Required from the data below: the exact lines starting at the line containing "- Casa Museo" and ending at the line containing "动漫之家是国内最全最专业的在", with both ends kept and all pictures dropped.

Information
▼
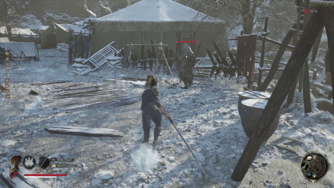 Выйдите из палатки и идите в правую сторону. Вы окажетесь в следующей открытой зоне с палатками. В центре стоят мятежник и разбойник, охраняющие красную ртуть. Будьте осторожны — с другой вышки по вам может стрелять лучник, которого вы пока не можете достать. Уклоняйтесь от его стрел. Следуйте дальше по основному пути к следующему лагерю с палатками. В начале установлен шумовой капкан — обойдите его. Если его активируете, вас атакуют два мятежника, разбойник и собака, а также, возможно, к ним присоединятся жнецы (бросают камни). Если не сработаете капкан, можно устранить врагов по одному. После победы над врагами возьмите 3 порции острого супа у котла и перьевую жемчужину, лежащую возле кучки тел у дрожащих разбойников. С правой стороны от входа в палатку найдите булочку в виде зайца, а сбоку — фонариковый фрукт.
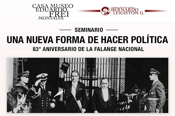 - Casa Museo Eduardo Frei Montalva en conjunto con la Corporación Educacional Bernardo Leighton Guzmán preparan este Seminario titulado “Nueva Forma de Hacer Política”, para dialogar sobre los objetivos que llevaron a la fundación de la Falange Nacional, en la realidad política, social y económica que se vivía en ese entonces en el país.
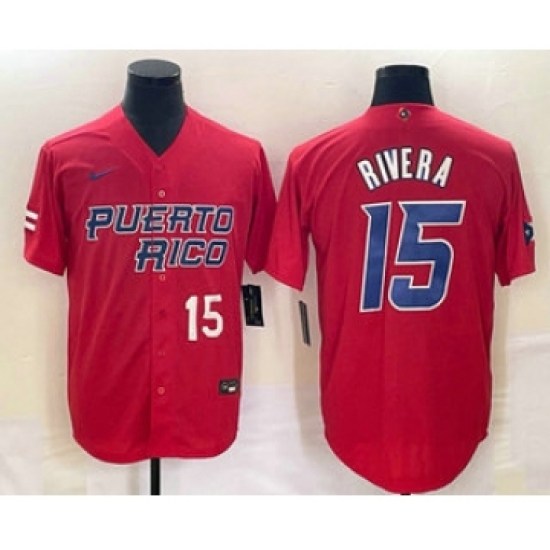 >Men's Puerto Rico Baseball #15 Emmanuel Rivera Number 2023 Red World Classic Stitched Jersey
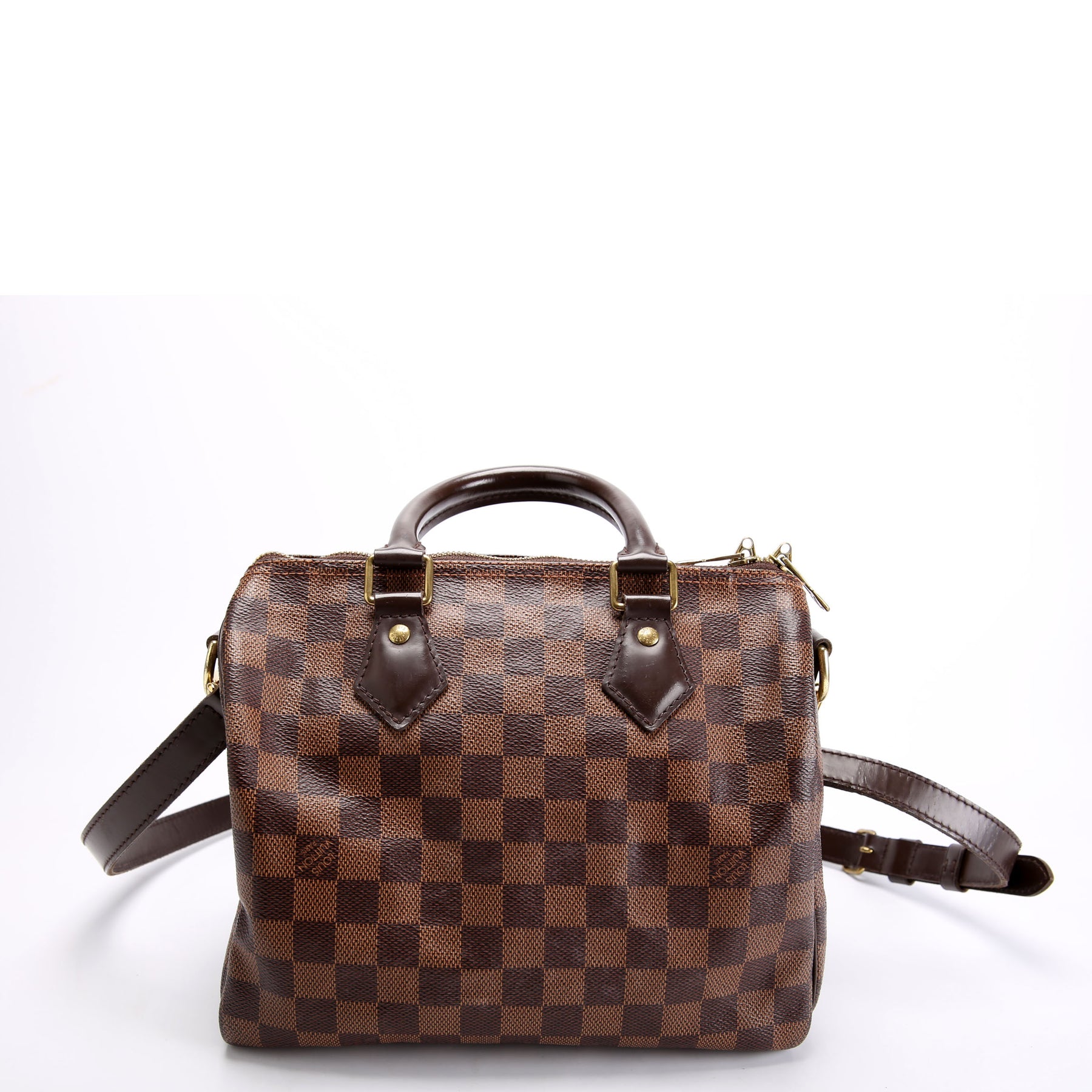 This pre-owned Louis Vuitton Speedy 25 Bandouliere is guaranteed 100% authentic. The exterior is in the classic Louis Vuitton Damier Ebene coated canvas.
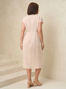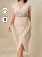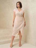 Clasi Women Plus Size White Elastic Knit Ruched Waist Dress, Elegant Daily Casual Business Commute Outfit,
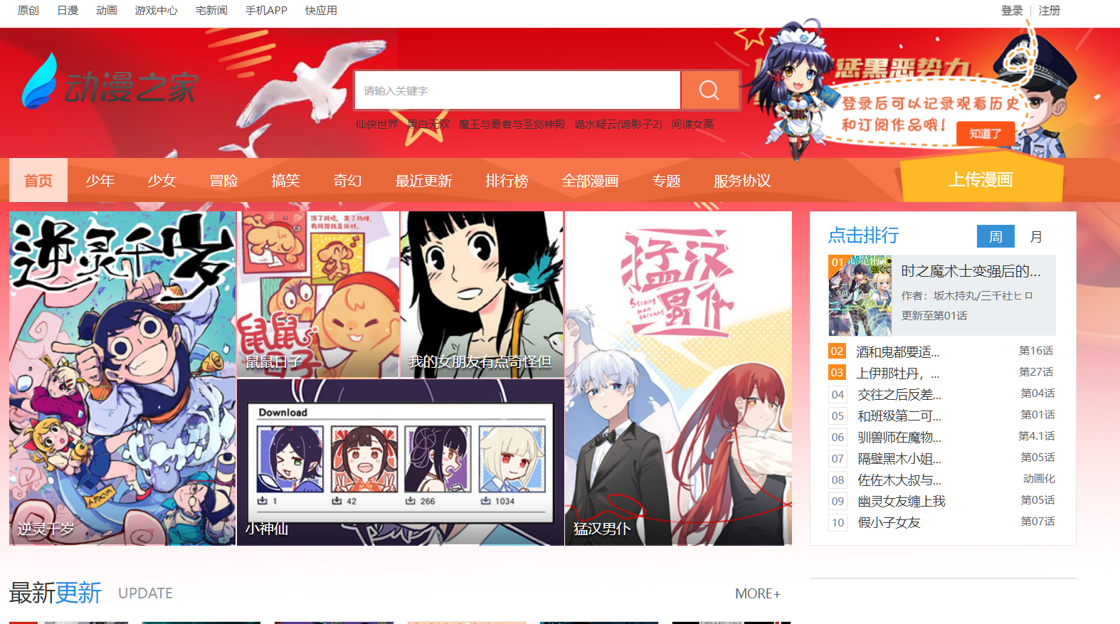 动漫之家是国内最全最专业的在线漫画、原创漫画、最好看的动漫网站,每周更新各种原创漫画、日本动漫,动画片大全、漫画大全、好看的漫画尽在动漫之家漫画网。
▲
▼
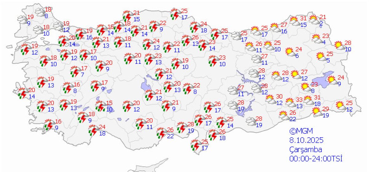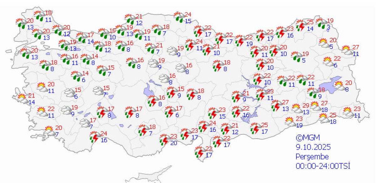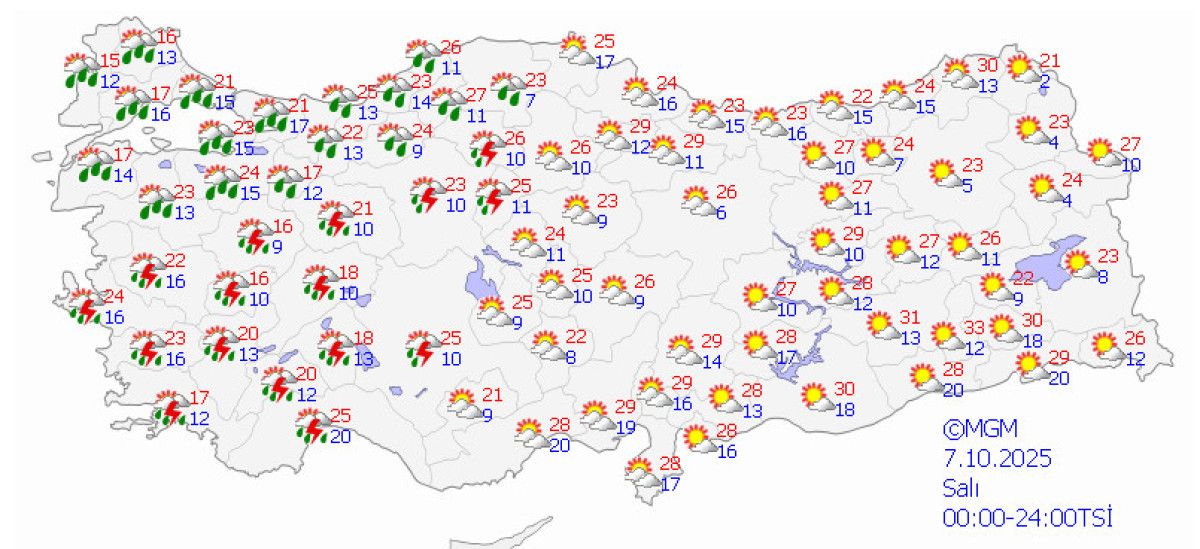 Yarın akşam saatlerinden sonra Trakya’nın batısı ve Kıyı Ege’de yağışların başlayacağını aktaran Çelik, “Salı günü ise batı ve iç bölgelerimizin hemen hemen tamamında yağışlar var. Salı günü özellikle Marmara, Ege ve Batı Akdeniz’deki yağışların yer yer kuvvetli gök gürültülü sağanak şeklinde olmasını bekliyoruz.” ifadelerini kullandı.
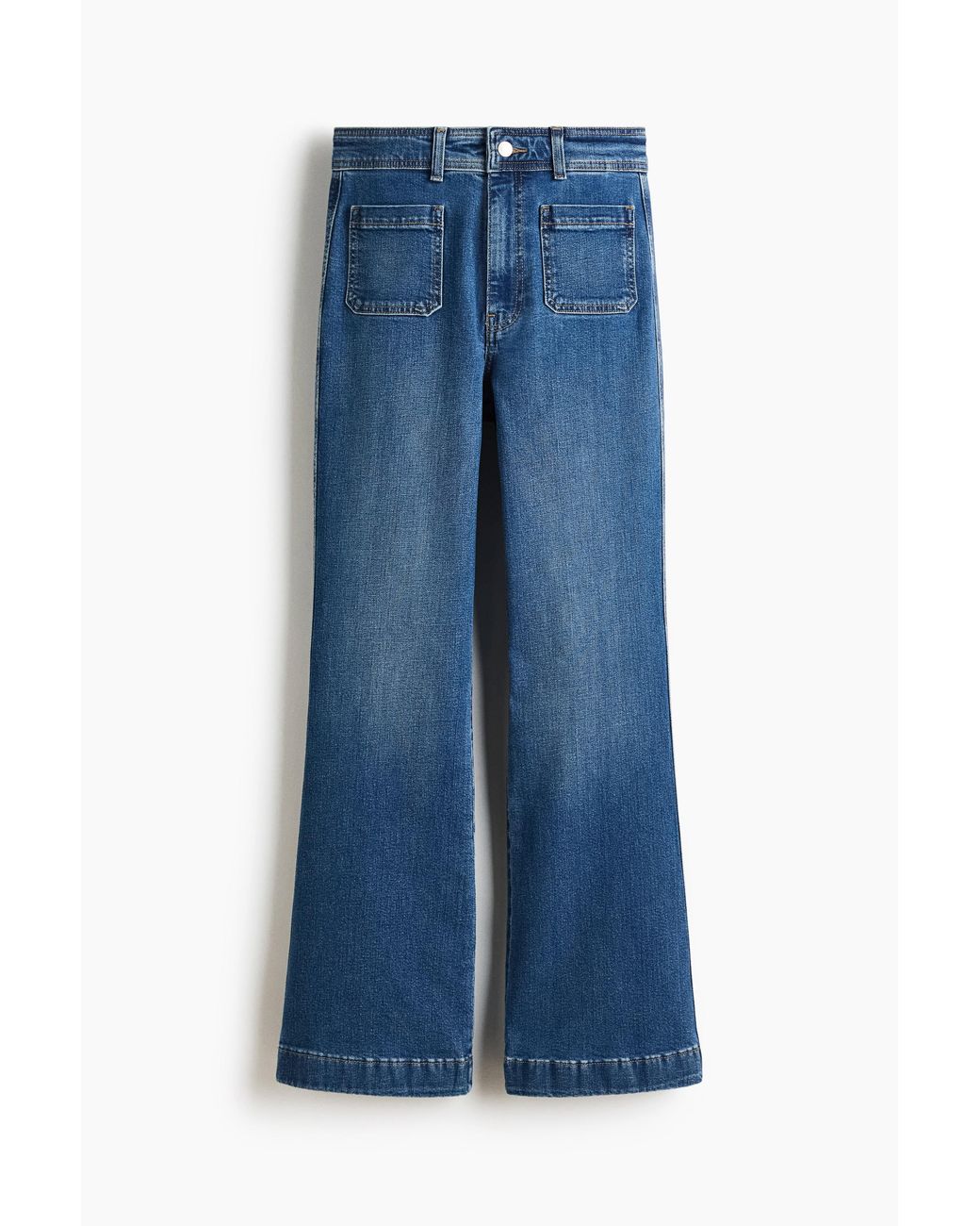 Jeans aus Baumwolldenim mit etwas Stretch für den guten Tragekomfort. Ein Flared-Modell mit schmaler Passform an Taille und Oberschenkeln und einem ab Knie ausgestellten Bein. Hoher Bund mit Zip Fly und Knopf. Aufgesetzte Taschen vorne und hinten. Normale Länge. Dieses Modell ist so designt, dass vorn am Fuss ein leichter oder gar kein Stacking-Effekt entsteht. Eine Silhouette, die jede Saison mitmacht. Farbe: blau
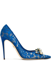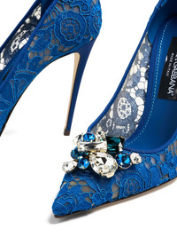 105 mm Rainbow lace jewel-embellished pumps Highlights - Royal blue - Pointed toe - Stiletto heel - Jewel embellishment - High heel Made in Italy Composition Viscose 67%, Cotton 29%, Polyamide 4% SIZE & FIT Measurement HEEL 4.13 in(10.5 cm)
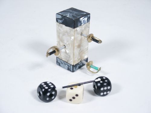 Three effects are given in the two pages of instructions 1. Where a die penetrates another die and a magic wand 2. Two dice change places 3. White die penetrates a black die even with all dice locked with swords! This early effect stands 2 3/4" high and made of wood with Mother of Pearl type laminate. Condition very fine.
▲
▼
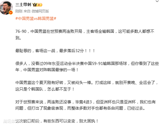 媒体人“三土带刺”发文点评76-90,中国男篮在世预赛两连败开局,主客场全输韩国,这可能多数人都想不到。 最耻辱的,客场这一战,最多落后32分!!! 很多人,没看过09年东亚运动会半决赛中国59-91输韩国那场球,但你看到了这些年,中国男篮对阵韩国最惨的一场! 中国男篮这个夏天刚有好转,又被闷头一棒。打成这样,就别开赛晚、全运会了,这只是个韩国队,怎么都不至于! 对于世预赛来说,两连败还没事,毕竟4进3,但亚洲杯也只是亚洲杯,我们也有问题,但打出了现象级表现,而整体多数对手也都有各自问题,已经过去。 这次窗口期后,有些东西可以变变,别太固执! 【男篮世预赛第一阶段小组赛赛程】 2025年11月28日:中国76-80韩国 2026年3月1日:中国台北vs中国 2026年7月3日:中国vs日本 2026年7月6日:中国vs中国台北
▲
Written answer
 - Casa Museo Eduardo Frei Montalva en conjunto con la Corporación Educacional Bernardo Leighton Guzmán preparan este Seminario titulado “Nueva Forma de Hacer Política”, para dialogar sobre los objetivos que llevaron a la fundación de la Falange Nacional, en la realidad política, social y económica que se vivía en ese entonces en el país.
 >Men's Puerto Rico Baseball #15 Emmanuel Rivera Number 2023 Red World Classic Stitched Jersey
 This pre-owned Louis Vuitton Speedy 25 Bandouliere is guaranteed 100% authentic. The exterior is in the classic Louis Vuitton Damier Ebene coated canvas.
 Clasi Women Plus Size White Elastic Knit Ruched Waist Dress, Elegant Daily Casual Business Commute Outfit,
 动漫之家是国内最全最专业的在线漫画、原创漫画、最好看的动漫网站,每周更新各种原创漫画、日本动漫,动画片大全、漫画大全、好看的漫画尽在动漫之家漫画网。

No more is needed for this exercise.